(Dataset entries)
· · · · · · ·

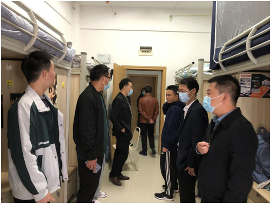 为贯彻学校关于加强冬季安全工作的精神,保障广大同学的生命财产安全,确保安全有序生产,全方位了解员工的学习和生活。2021年10月27日,公司党委书记江宣成、经理杜凯、正处级组织委员韩贞习、副书记张健、副经理严万森、党委委员冯斌及员工科全体老师等带领员工会干部,深入南校区三栋、四栋、五栋员工寝室,对员工寝室安全进行全面排查。
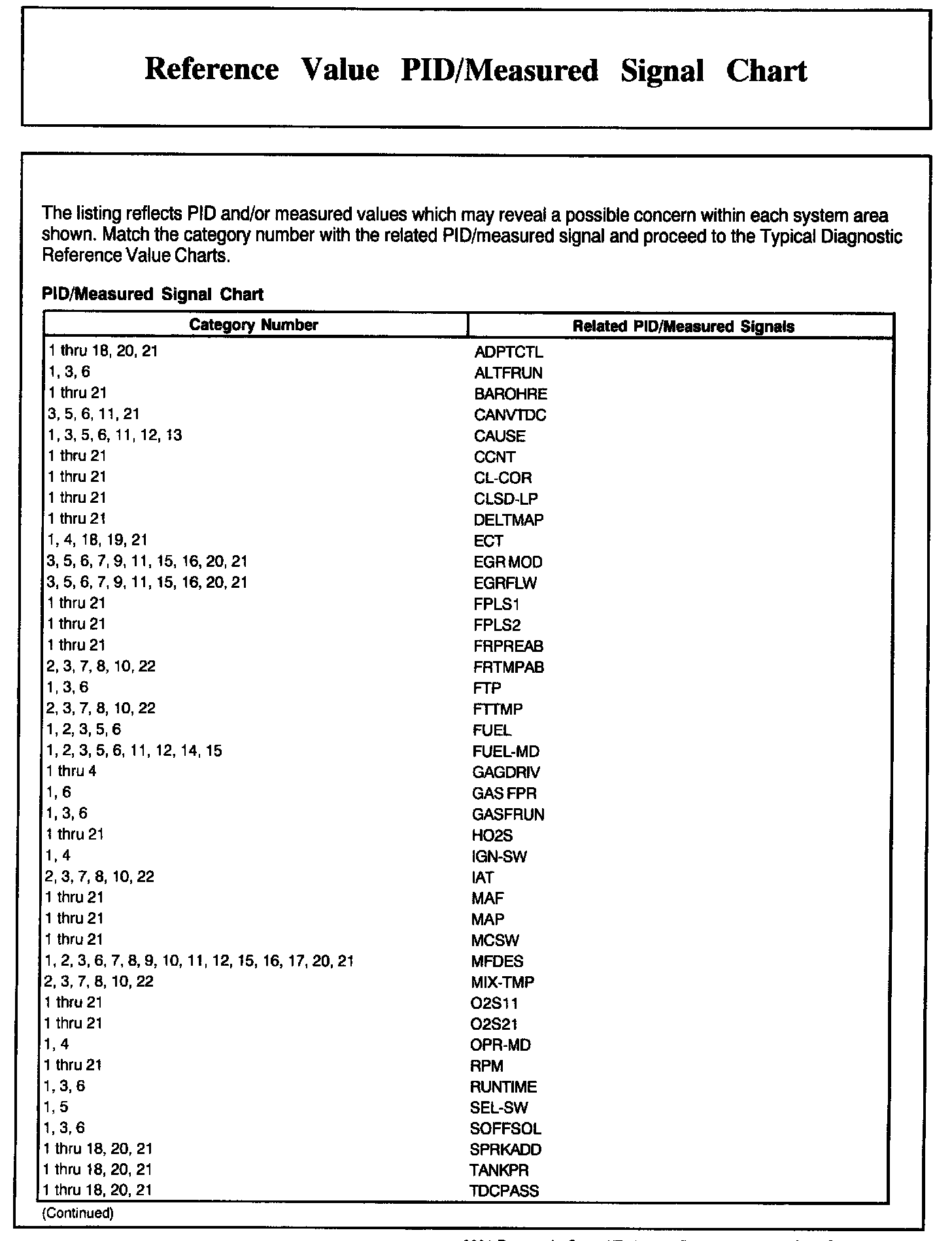 PID/Measured Signal Chart (Part 1 Of 2):
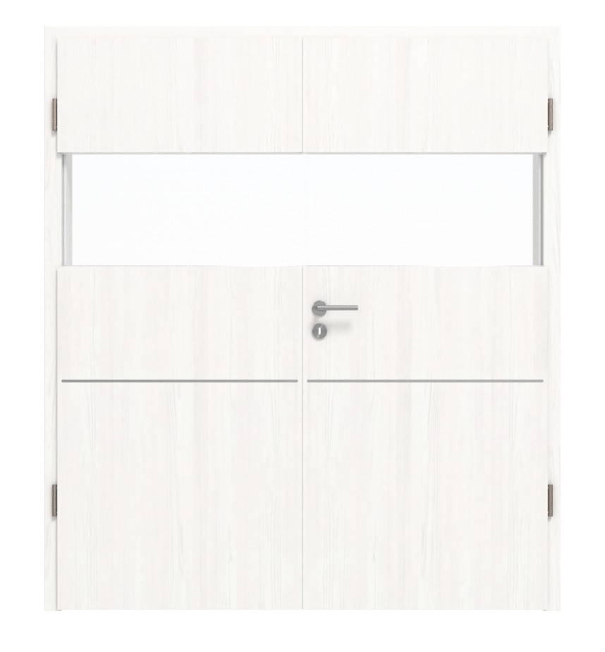 Wytłoczona struktura nadaje białemu, naturalnemu dekorowi szczególną autentyczność. Pasek świetlny, który znajduje się na wysokości oczu obu skrzydeł drzwi i przebiega na całej szerokości drzwi, wprowadza otwartą atmosferę mieszkalną. W środku obu skrzydeł drzwi znajduje się pozioma, licowa aplikacja.
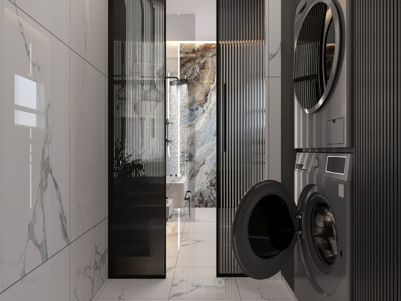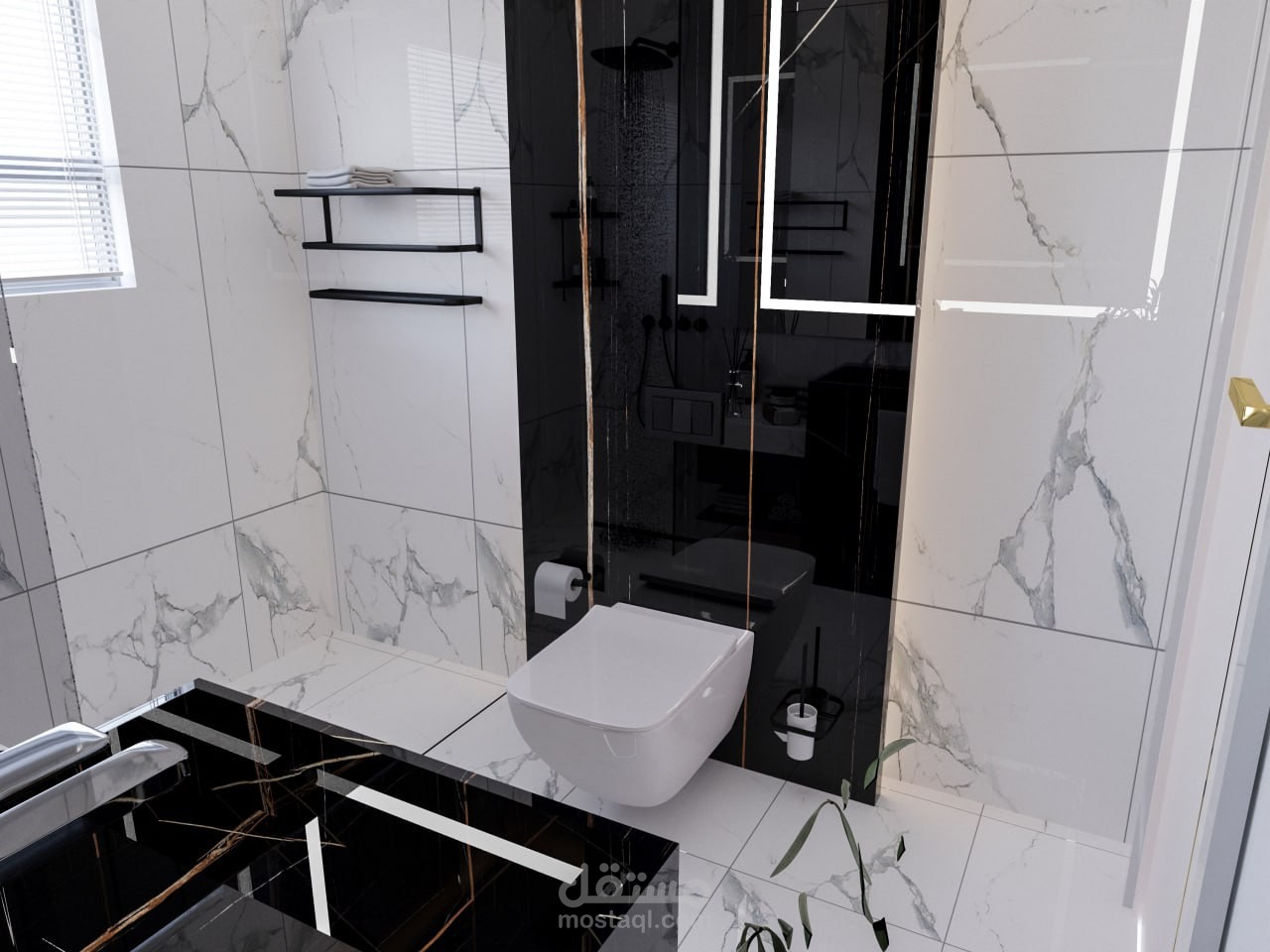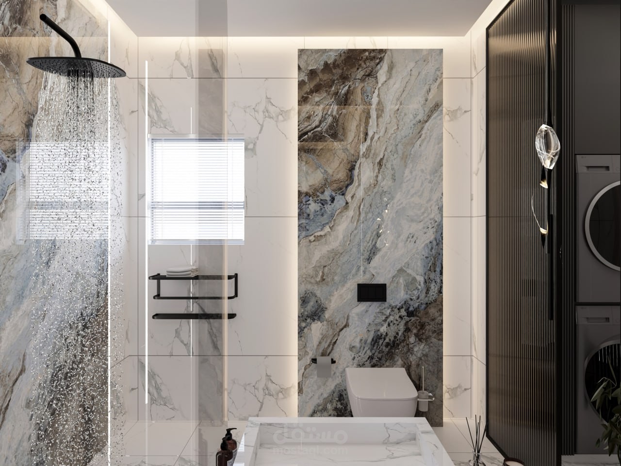 حمام رئيسي لأحد الفلل قمت بتصميمه بعد دراسة عدة نقاط
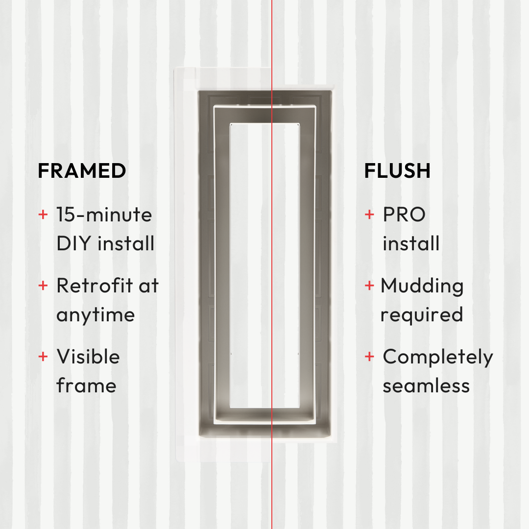 This is the Flush model, designed to sit level with the wall surface. It requires mudding and sanding for a seamless finish, so it's best installed by a pro. In contrast, the Framed model features a rim that sits on top of the wall, making it a great option for quick, easy, DIY installation.
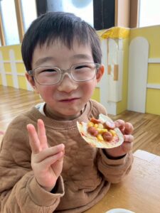 餃子の皮でピザできるの?デザートも作るの?とわくわくの子どもたち。
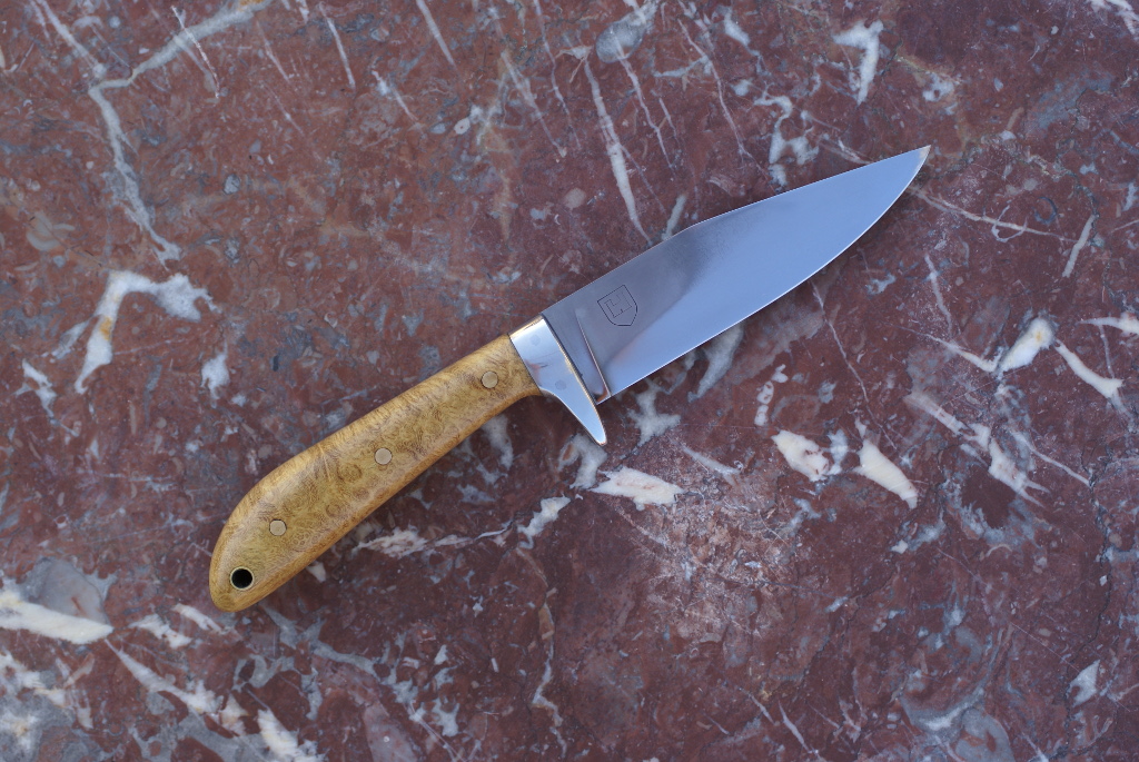 Acier 100C6 (52100), 9cm de lame, montee en plate semelle, 3.5mm d'epaisseur, trempe selective, manche en racine de bruyere
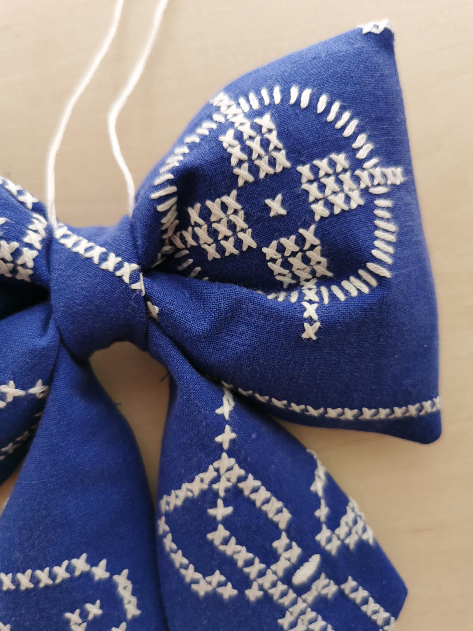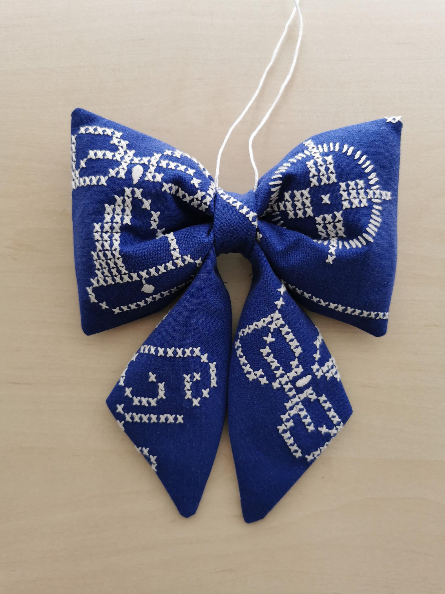 En fin sløjfe til ophæng syet af af detaljeret broderet vintagestof. Baggrundsfarven er en smuk mørkeblå, med hvide korsstingsbroderier.
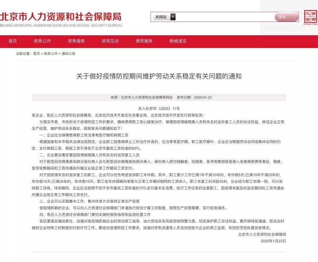 为落实北京市委、北京市政府关于疫情防控工作的要求,确保被传染职工安心接受治疗,被隔离人员和未及时返京复工人员安心检查休息,1月23日,北京市人力资源和社会保障局发布《关于做好疫情防控期间维护劳动关系稳定有关问题的通知》,明确了医疗期工资、隔离期工资、返京复工假期等相关待遇,要求职工和企业安心配合防控疫情。
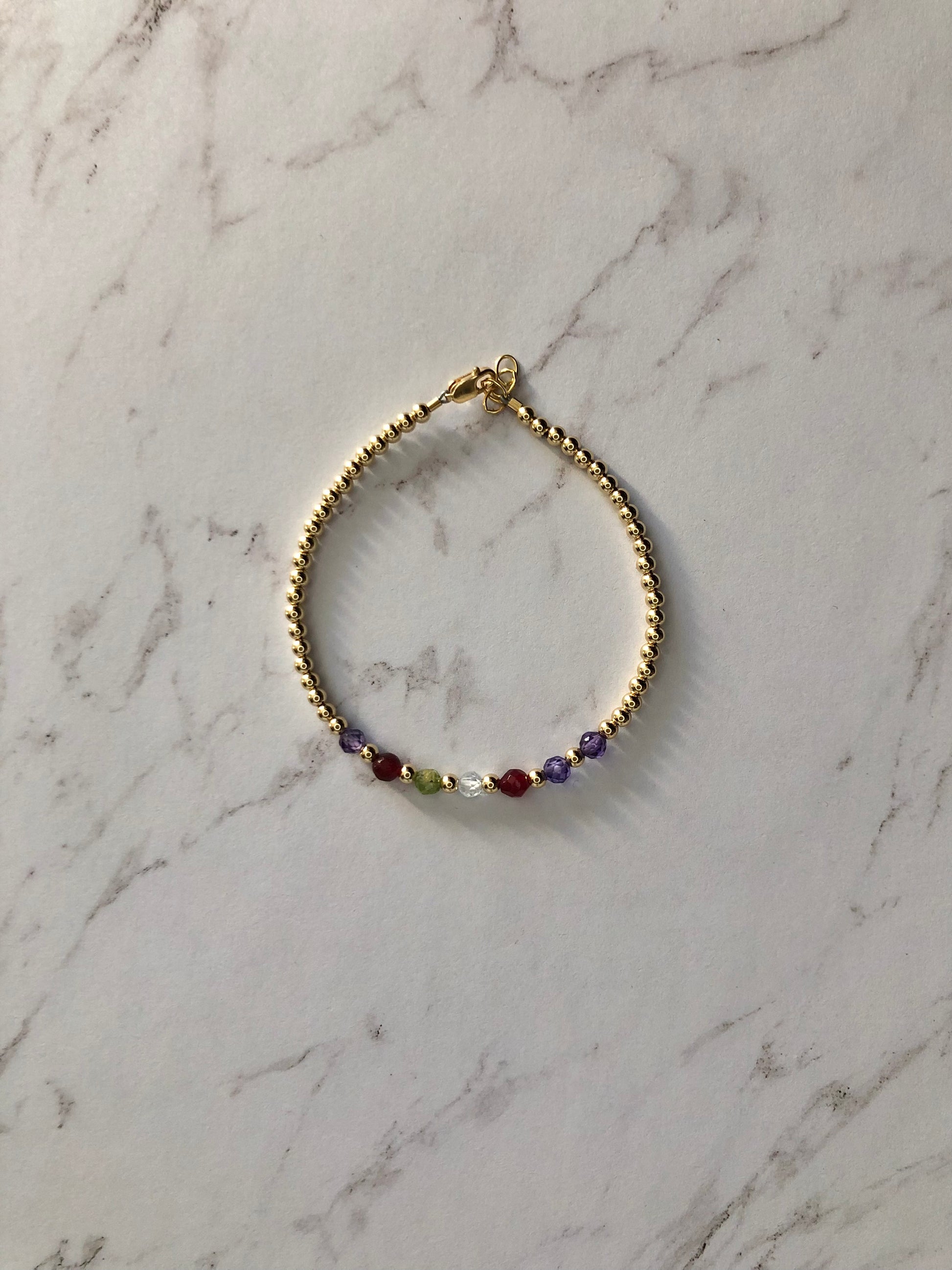 Bead sizes: 3mm metal beads and 4mm birthstone beads
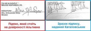 Однако Никия заявила, что Альтману не выдавались никакие доверенности от имени "Wilcox". В подтверждении этих слов Кагаловский представил образец подписи Никии. Не вооруженным взглядом видно, что подписи на документах различаются. Таким образом, можно утверждать, что доверенность является подделкой.
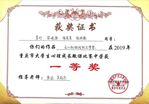 2019年11月2日,由共青团重庆市委员会主办,重庆市社会心理学会承办的2019年重庆市大学生心理成长微课比赛决赛在重庆医药高等专科学校举行,全市47所本专科学校的312支团队经初赛和复赛的激烈比拼,共25支队伍参加决赛,由我校智能制造九游网页版·官方站入口李行、梁峻源等4名学生主讲,黄滔、吴莉莎老师指导的《无人机助我放飞梦想》作品最终脱颖而出,获得一等奖。
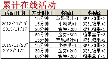3. 签到奖励:2013/11/15日~2013/11/29期间,累计3日签到可获得6个捣乱糖果;累计签到5日可获得12个捣乱糖果;累计签到7天可获得20个捣乱糖果!
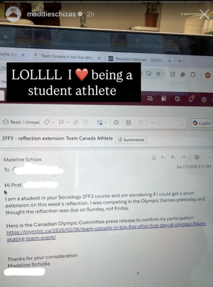 Mải thi đấu Olympic 2026 dẫn đến nhầm lẫn hạn nộp bài tập, VĐV Madeline Schizas của Canada phải gửi email xin giáo sư cho nộp bài muộn.

· · · · · · ·

* [EXERCISE REQUIREMENTS]: Exactly the lines from the one holding "3. 签到奖励:2013/1" to the last line of the records above should be duplicated, with no pictures among them.

* [ANSWER FOR THE TASK]:
3. 签到奖励:2013/11/15日~2013/11/29期间,累计3日签到可获得6个捣乱糖果;累计签到5日可获得12个捣乱糖果;累计签到7天可获得20个捣乱糖果!
 Mải thi đấu Olympic 2026 dẫn đến nhầm lẫn hạn nộp bài tập, VĐV Madeline Schizas của Canada phải gửi email xin giáo sư cho nộp bài muộn.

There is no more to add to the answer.